Haven't tried it personally but looks like fun

------
jackgolding
Midi + Synthesia
[https://www.synthesiagame.com/](https://www.synthesiagame.com/) worked for
me, also Midi + Guitar/Drums with Rocksmith
[https://rocksmith.ubisoft.com/rocksmith/en-
us/home/](https://rocksmith.ubisoft.com/rocksmith/en-us/home/)

Mind you having 5 lessons with an expert paid off way more than 50 hours of
rocksmith.

------
iansinke
I've been playing the piano since I was 4. Learn from my mistake: don't
"cheat" by skimping on scales and other technical skills! I know it's not as
fun as playing actual music, but as with anything, there is no royal road to
piano proficiency. Now that I'm at a more advanced level, I really regret that
I didn't put better effort into my scales when I was younger.

------
laurent123456
I use Anki to memorise scales and arpeggios. I have decks with all the scales
and arpeggios, then for example it asks me to play "A major scale". If I play
it right on first try I press Good, and the scale will be shown less often,
and if I got it wrong I press Bad and it will be shown more frequently. It's a
good way to filter the scales and spend more time on those you know less.

------
ergothus
I took piano in college...and failed to learn it. Because I failed to
practice, the root cause of which (in my mind) was the utterly uninteresting
and unfamiliar drills.

Now drills are going to be boring, but when there wasn't a single piece I
recognized, your 10th time through "Turkey in the hay" is both uninteresting
and hard to know how your screwing up. I made more progress when I spent two
weeks on my own trying moonlight sonata.

I dont recommend that piece to start with, and I do recommend a diversity to
practice on, but finding tunes at a suitable difficulty that you KNOW can make
a big difference - hearing what's wrong, getting a thrill when it sounds close
enough to recognizable - these were completely missing in my class, and while
I likely still wouldn't have put in enough practice time (dating had more
thrills) it would have been much easier.

I've been kicking around the idea of taking it up again for 20 years, and this
is the one change I would make.

------
itnAAnti
I disagree with some of the advise on this thread so far. Scales are boring (I
agree that you need them to get proficient, but if you start there, you’ll be
bored to tears and give up before you get anywhere fun). Watching YouTube
videos and trying to recreate what they’re doing is hard. Learning to read
music from a human teacher is frustrating.
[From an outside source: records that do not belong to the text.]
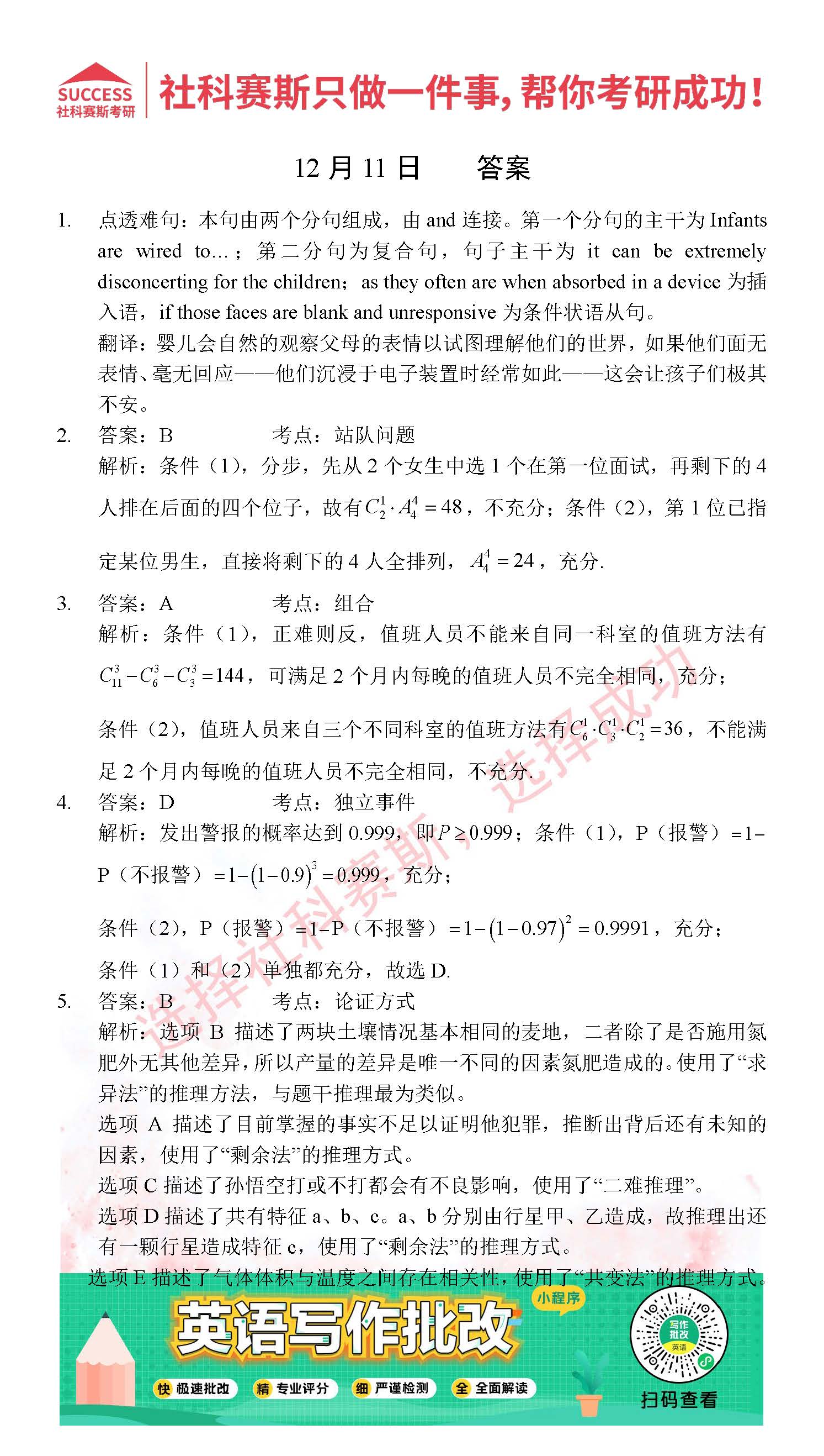 導讀:考研是一場持久戰(zhàn),保持良好的學習習慣,是能確保復習高效的關鍵。今天社科賽斯MBA備考網小編整理了“2021管理類聯(lián)12月11日每日一練及答案”的內容,希望能對廣大考生有所幫助。
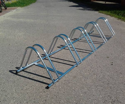 - Modułowy stojak na pięć rowerów, ocynkowany ogniowo. Konstrukcja jest w całości spawana. Łącząc z innymi modułami pozwala na uzyskanie wielu konfiguracji ilości stanowisk.
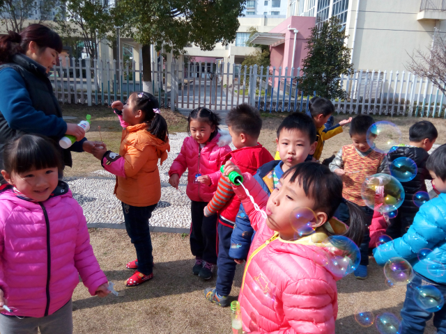 春天到了,小草慢慢绿了,花儿悄悄开了,小朋友也想展开双臂在春天里自由嬉戏。结合主题,中班年级组的孩子们在老师的带领下进行了一次户外《吹泡泡》的科学探究活动。
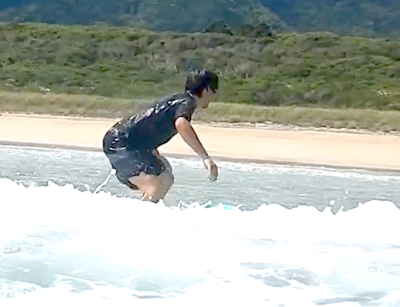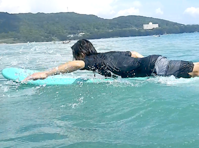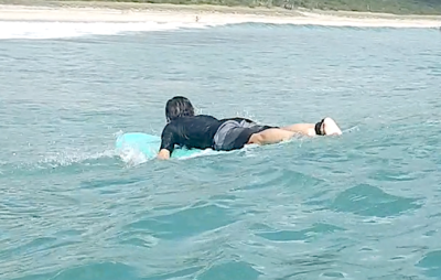 2回目のレッスンでは、絶対に連れて行かないポジションまで行き、 波にチャレンジ!

The traditional way to learn piano takes discipline, hours of slightly
frustrating study and incredibly boring and repetitive practice. Though I
tried a few times in my life to learn piano the way everyone said I should, I
always found it mind-numbingly boring. Why does it have to be so damn hard?

I’ve only recently found a better way, and I’ve been learning faster, staying
interested, and having way more fun than I ever did before.

The better way is:
[http://pianowizardacademy.com](http://pianowizardacademy.com)

(I know this sounds like a sales pitch, I’m not at all involved with the
company, I’m just a happy customer and a big fan of their method.)

Basically the method hinges around software that turns playing a piano into a
game. Similar to guitar hero, but where it leads you through a progression
until you’re sight-reading the paper sheet music as you play. It makes it
really easy to get started playing real music from day 1, then your excitement
about your progress builds faster than the difficulty, so you stay interested.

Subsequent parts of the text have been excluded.